The Perpetual Guest by Barry Schwabsky

The Perpetual Guest by Barry Schwabsky

Author:Barry Schwabsky
Language: eng
Format: epub, mobi
Publisher: Verso Books


III

Old Vagabond

20

Old Vagabond: Paul Gauguin

The Italian conceptual artist Alighiero Boetti, as his onetime protégé Francesco Clemente recalled, “considered that there was a big difference between people who moved north towards power, order, and control, and people who moved south, away from them.” Boetti himself had moved from Turin, in Italy’s industrial north, down to Rome, and then, for a while, to Kabul, Afghanistan. But, historically, this southward vector has rarely been the one chosen by artists, whose profession magnetically draws them toward courts and capitals, patrons and potentates. Paul Gauguin was one of the first to take the opposite route, and he remains the most emblematic and radical of those who’ve tried to flee the world’s metropolitan centers, submitting without resistance to what Charles Baudelaire had once diagnosed in his poem “Le Voyage” as the “Singulière fortune où le but se déplace, Et n’étant nulle part, peut être n’importe où,” or, to turn French verse into English prose, the “singular fate of having a goal that keeps shifting, and being nowhere, might be anywhere.”

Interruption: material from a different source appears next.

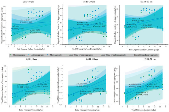 3.4. Relationship Between Organic Carbon and TN Content in Different Aggregates and Bulk Soil
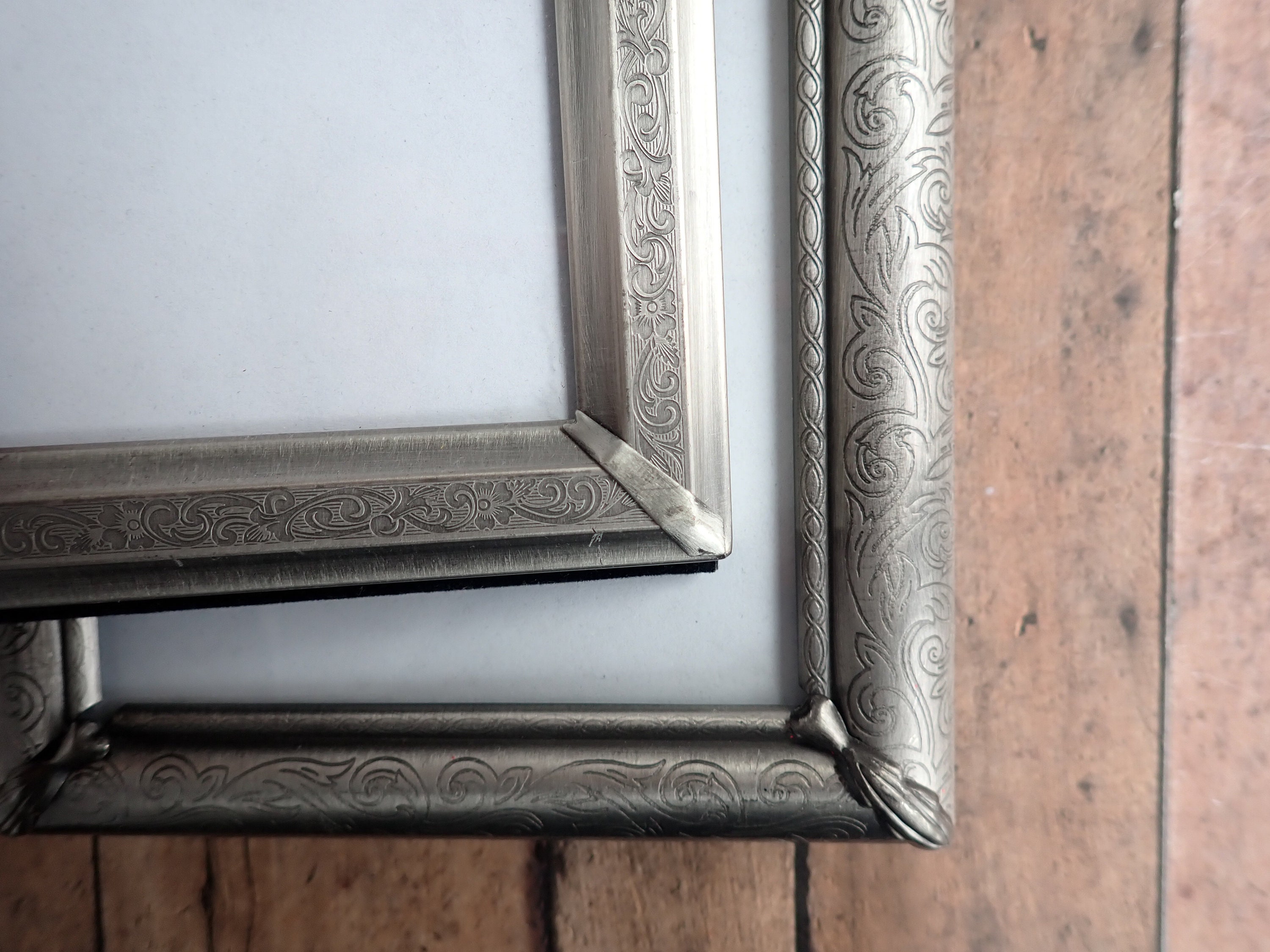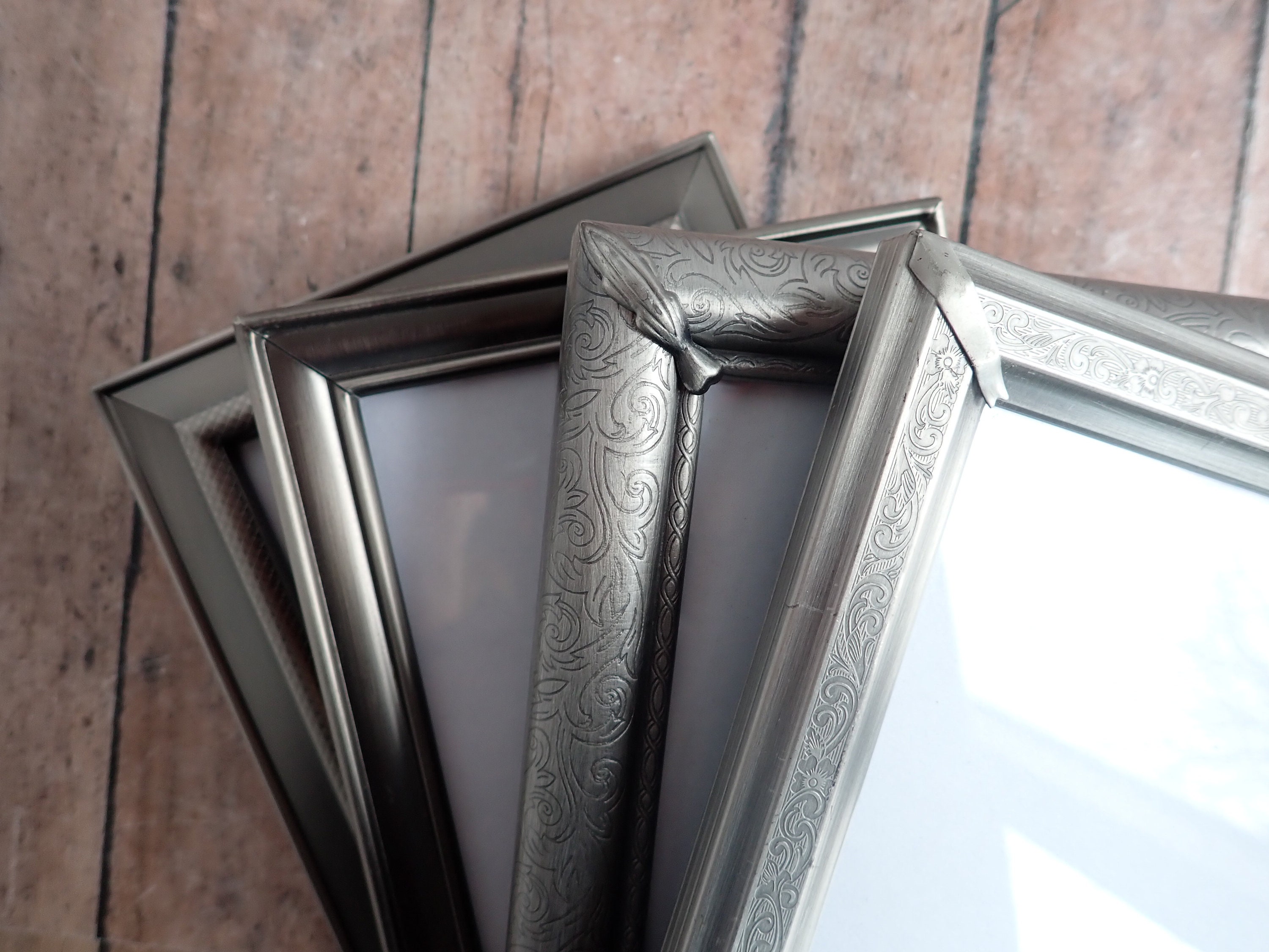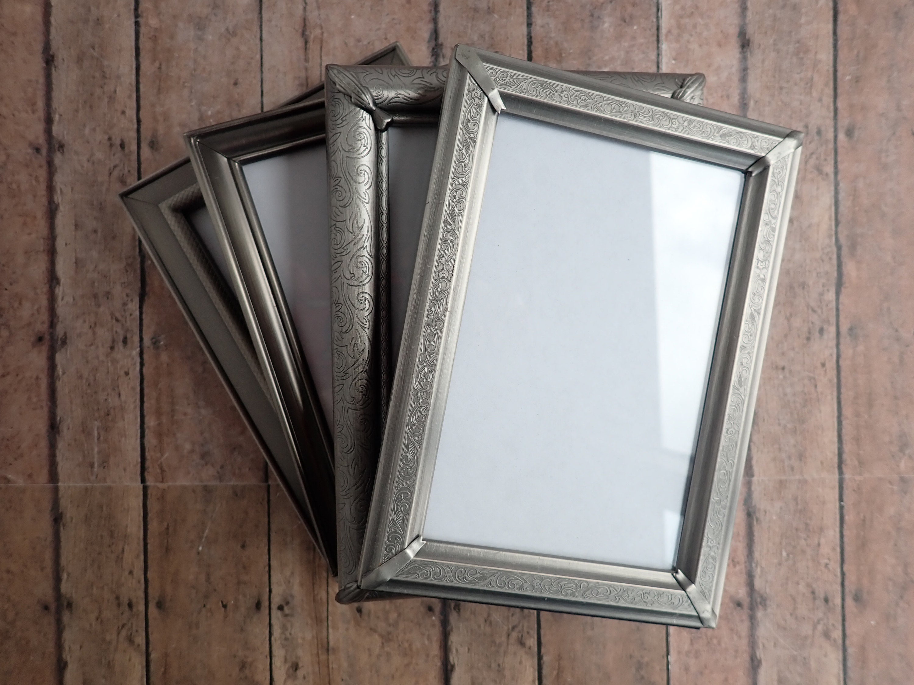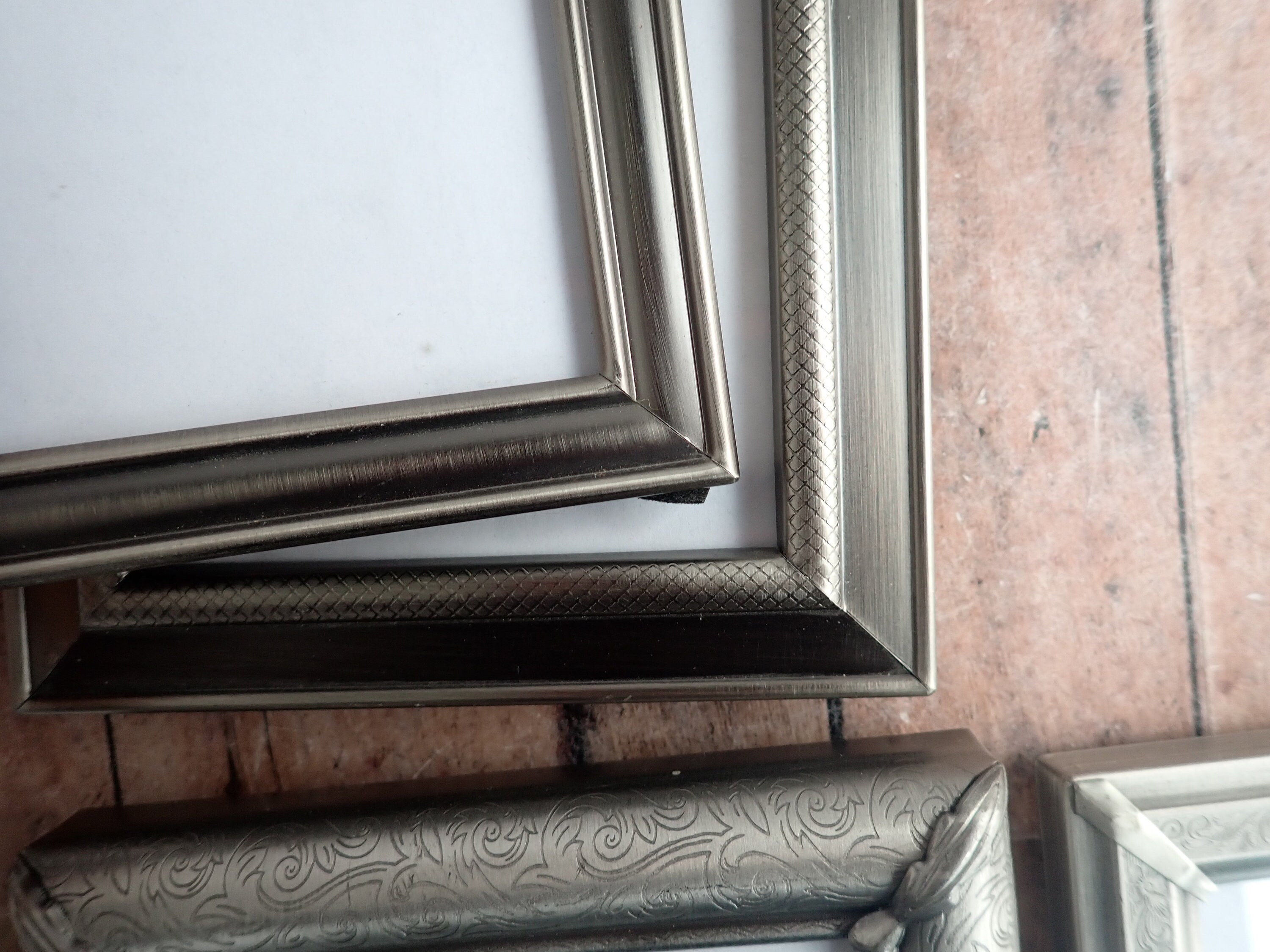This set of frames includes 4 coordinating silver 4x6 frames. The frames can hold a 5x7 photo but the photo opening is 4x6 size. The frames have a piece of clear glass over the photo opening and a cardboard backing piece with a photo stand. Two of the frames are smooth, and two have an etched design. The photos can stand either vertically or horizontally.

The story is well enough known: Gauguin, grandson of a pioneer of socialist feminism, Flora Tristan, was born in Paris in the revolutionary year of 1848; he spent part of his childhood in Peru (where his grandmother had roots) and part in France, before spending much of his young manhood at sea as a merchant marine and then a naval sailor. He liked to think of his Peruvian forebears as Indians. “As you can see,” he would later explain, “my life has always been very restless and uneven. In me, a great many mixtures. Coarse sailor. So be it. But there is also blue blood, or, to put it better, two kinds of blood, two races.” Eventually, back in Paris, he became a stockbroker—and a successful one—but also a Sunday painter who was soon accomplished enough for his works to be accepted by the Salon; during this period he also began buying works by the most advanced painters of the time, among them Camille Pissarro, Paul Cézanne, and Edgar Degas.

The crash of 1882 brought matters to a head. Gauguin abandoned the world of finance, now in tatters, for the full-time pursuit of art. His Danish wife, Mette, who hadn’t bargained on having an artist for a husband, collected their five children and returned to Copenhagen. After a few months Gauguin followed her there, attempting to re-establish himself in business; but it took less than a year of that life to persuade him to return to France without Mette, though he kept in touch with her as a confidante for many years thereafter, addressing her, as he admitted, with “an adoration often full of bitterness.” Finding Paris too expensive, he moved to Pont-Aven in Brittany, where his magnetic personality and pursuit of artistic independence helped make him chef-d’école to a group of young experimental painters. He became enamored of the landscape, saying, “I find a certain wildness and primitiveness here. When my clogs resound on this granite soil, I hear the dull, matte, powerful tone I am looking for in my painting.